The Path of Inspiration teaches that life is a cycle of reincarnation. Through devotion and service, a soul ascends through successive lives — passing through cycles as beast and human — until it achieves the state of an il-altas, one of the great spirits that guide others toward perfection. The Inspired are believed to be mortals so refined that the il-altas have chosen to inhabit their bodies. To serve the Inspired is therefore to serve the highest expression of spiritual achievement, and to serve well is the surest path to one's own ascension. This belief permeates everything. It explains why Riedrans work without complaint, endure without protest, and accept the absence of luxuries that Khorvairians consider essential to a civilized life. The luxuries are not missing. They were never needed. The work is enough.

The Shape of Devotion

Riedran ceremonial life is structured around communal rituals that reinforce the collective bond between the people and the Inspired. Priests — community leaders selected by the Inspired for their loyalty and devotion — oversee namings, weddings, funerals, and the monthly celebrations of thanks that bring each village together for an hour of hymns, praise, and shared meals.
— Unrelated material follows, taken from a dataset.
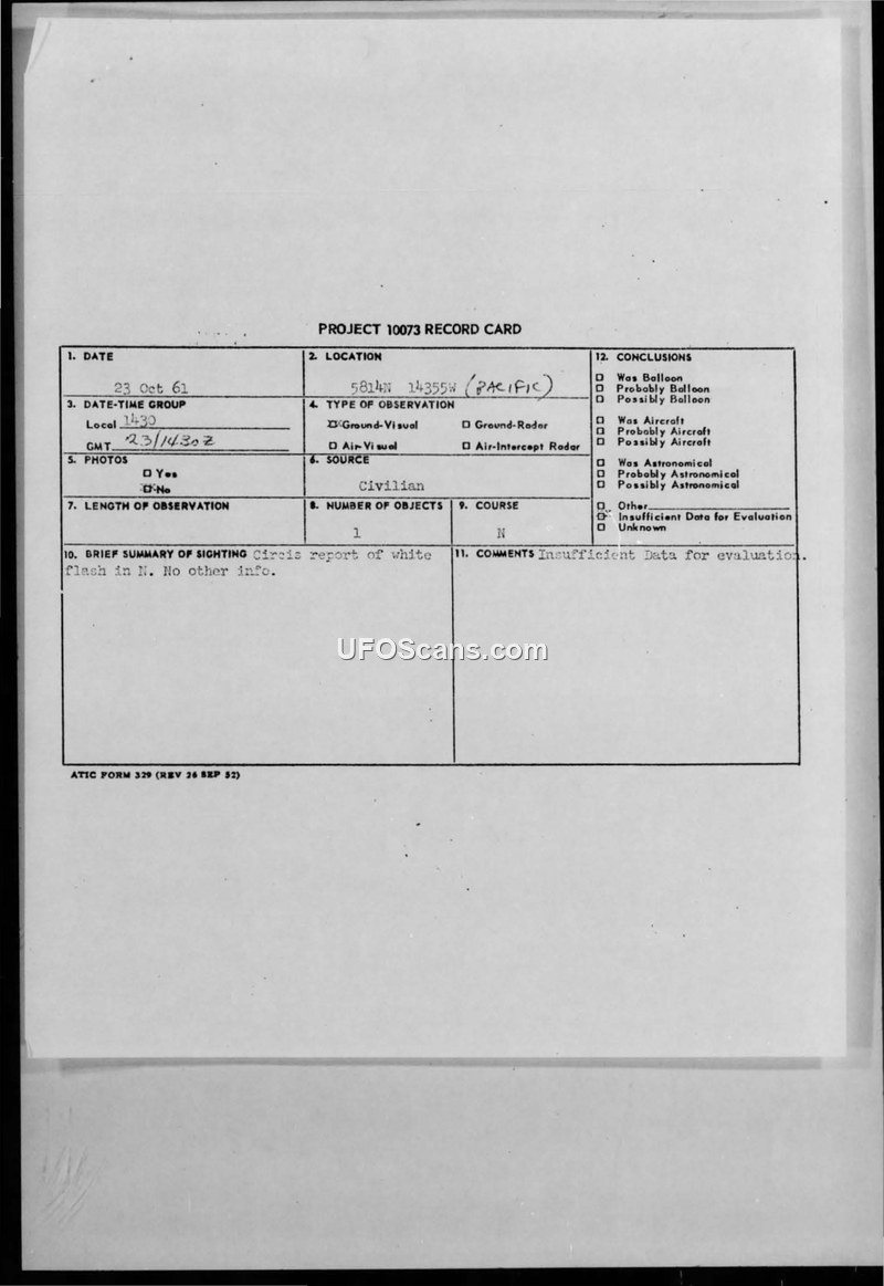 A civilian ship crew reported a mysterious white flash in the Pacific on October 23, 1961. The military investigation concluded there was insufficient data to identify the source of the flash.

These ceremonies are simple, communal, and serve a dual purpose: binding the community together and focusing the psychic energy that the monoliths collect.

The greatest annual observance is the Feast of the Founding — celebrated on the anniversary of Riedra's unification. The festivities occur within each bastion complex: at dawn, village priests lead processions to the central bastion and to the monolith within it. A lengthy ceremony offers praise to the Inspired for their vision and gratitude for their guidance. Individual worshipers step forward to offer testaments — a sick child who recovered, a failing crop that thrived after the Inspired were invoked. The monolith glows and hums in a low tone throughout the proceedings, and during these moments, the Inspired lord of the region may appear atop a tower, shining with manifested psionic energy and speaking in a voice that carries for miles. The effect on the worshipers is overwhelming — and the question of whether the ecstasy they feel is genuine devotion or psychic resonance from the monolith is one that no Riedran has ever had cause to ask.
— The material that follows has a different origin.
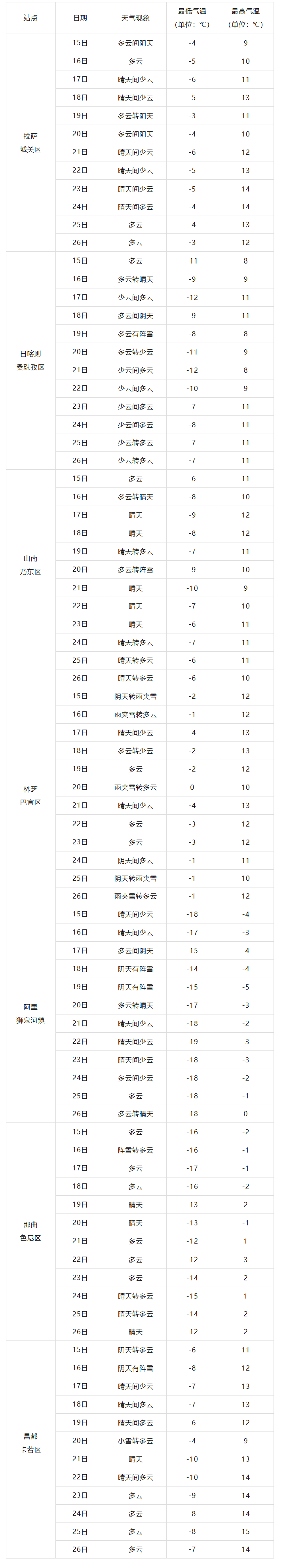大风预报:15日至26日,阿里、那曲、日喀则西部和南部有7级左右大风;拉萨北部、日喀则北部和东部、山南南部和昌都有5级左右阵风。
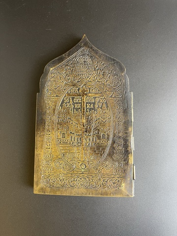 Складень являлся переносным иконостасом, который удобно было взять с собой. На первой створке изображены: Навершие - Распятие Христово, в клеймах – Рождество Богородицы, Введение Богородицы во Храм, Рождество Христово, Благовещение.

"I attended a Feast of the Founding from the walls of the Jhodra. The procession was enormous — tens of thousands of people, moving in silence, their faces calm and purposeful. When the Inspired lord appeared above the monolith, I felt something I can only describe as awe — a physical sensation, like warmth spreading through my chest. I do not know if that was my emotion or his. I still don't." — unsigned letter from a Brelish diplomat, found in a Dark Lantern archive

Clothing and Appearance

Riedran citizens dress in black, white, or brown — simple garments that reflect the Unity's values of purpose and humility. The only adornment is embroidery along the hems, woven in meditative patterns that serve as a form of devotion: the act of stitching the intricate designs is itself a spiritual practice. The patterns are complex but constrained, and their execution is a measure of the wearer's discipline.
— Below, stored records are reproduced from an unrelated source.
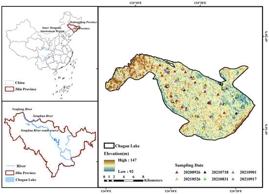 Chagan Lake is the seventh-largest freshwater lake in China and the largest natural lake in Jilin Province, with a surface area of 420 km2 and a mean water depth of 2.5 m [31,32]. The main input source of Chagan Lake is the Songhua River, and the lake is one of the eutrophication lakes in China [33]. Chagan Lake is endowed with rich natural resources and is a well-known fishery and reed industry base. Although the main economic value of the lake lies in its fish resources, it is also important for agricultural and recreational use.
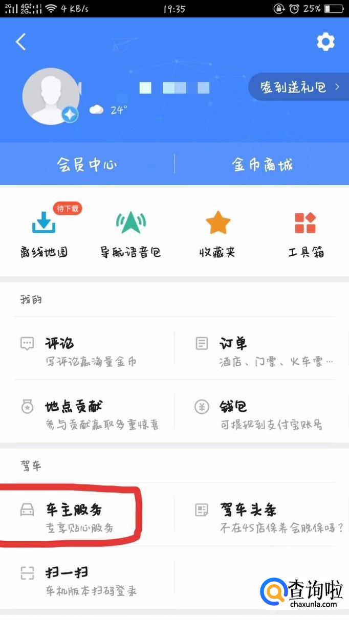 进入个人中心之后,需要点击左侧的“车主服务”。
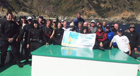 In early May, Reef Check launched a Kickstarter campaign to run an expedition up the Big Sur coast to survey 9 new sites that would start filling in data gaps between San Luis Obispo and Monterey Bay. The campaign was a huge success. The trip created a buzz among our volunteers and recreational divers alike and we had no problem filling the boat with eager divers.
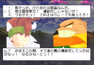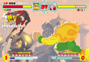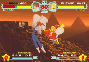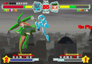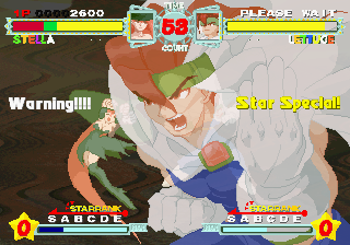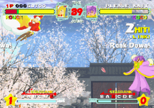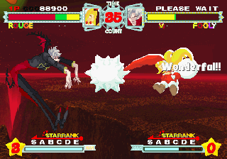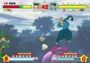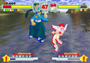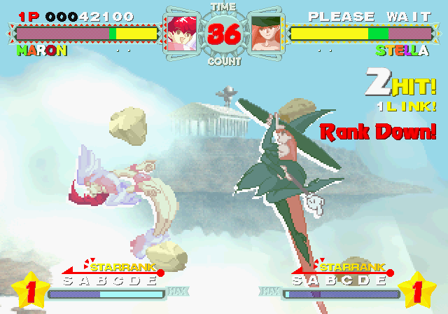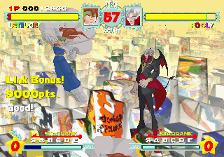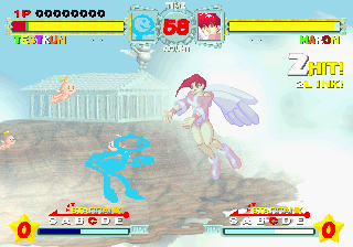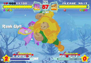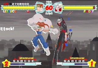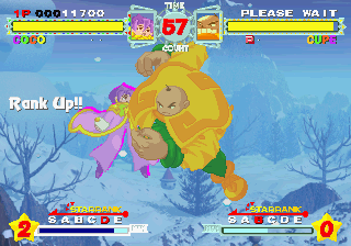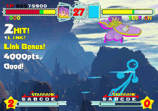 Although all characters can block, all defenses can be easily guard crushed, which makes dodging all the more important. The system promotes aggressive gameplay, since characters regain small portions of their life when not being attacked (similar to Vampire Savior), and you’re graded during battles on your performance, which affects the judgment if the time runs out. The fighting’s all a bit simplistic and more than a bit spastic, but it’s still a ton of fun watching everything in motion. The character sprites are mostly colored with pastels, and stretch like elastic when getting hit. The backgrounds are generally kind of boring, except for two stages set against the ocean, with almost photorealistic scrolling water.

The colors blue and red are reserved exclusively for the Inspired, whose robes are covered with labyrinthine patterns of extraordinary intricacy. The Inspired themselves are beings of otherworldly beauty — tall, symmetrical, possessing an almost supernatural grace that sets them apart from the population as visibly as a crown would. When an Inspired walks through a Riedran street, the citizens step aside not out of fear but out of reverence — the way a Thrane might react to the Keeper of the Flame walking past, except that in Riedra, the reaction is involuntary and universal.

Architecture as Ideology

Riedran architecture is the physical expression of the Unity's values: order, purpose, beauty without ostentation, and absolute uniformity. Buildings are curved and whorled — hard angles are few and far between. Streets are paved with smooth black cobblestones interspersed with squares of clear crysteel that glow softly after dark, casting a pale, even light that requires no maintenance and no fuel. Dormitories, workhouses, and storehouses are built from blocks of black and white stone with crysteel skylights. Every dormitory in a bastion city looks exactly the same.

This is deliberate. The architecture teaches that the individual is not the point. The community is the point. The Unity is the point. A Riedran does not express their identity through their living space — they express it through their service, and their service is measured by their devotion, and their devotion is the same as everyone else's. The result is cities that are beautiful in the way a mathematical proof is beautiful: precise, elegant, and entirely without personality.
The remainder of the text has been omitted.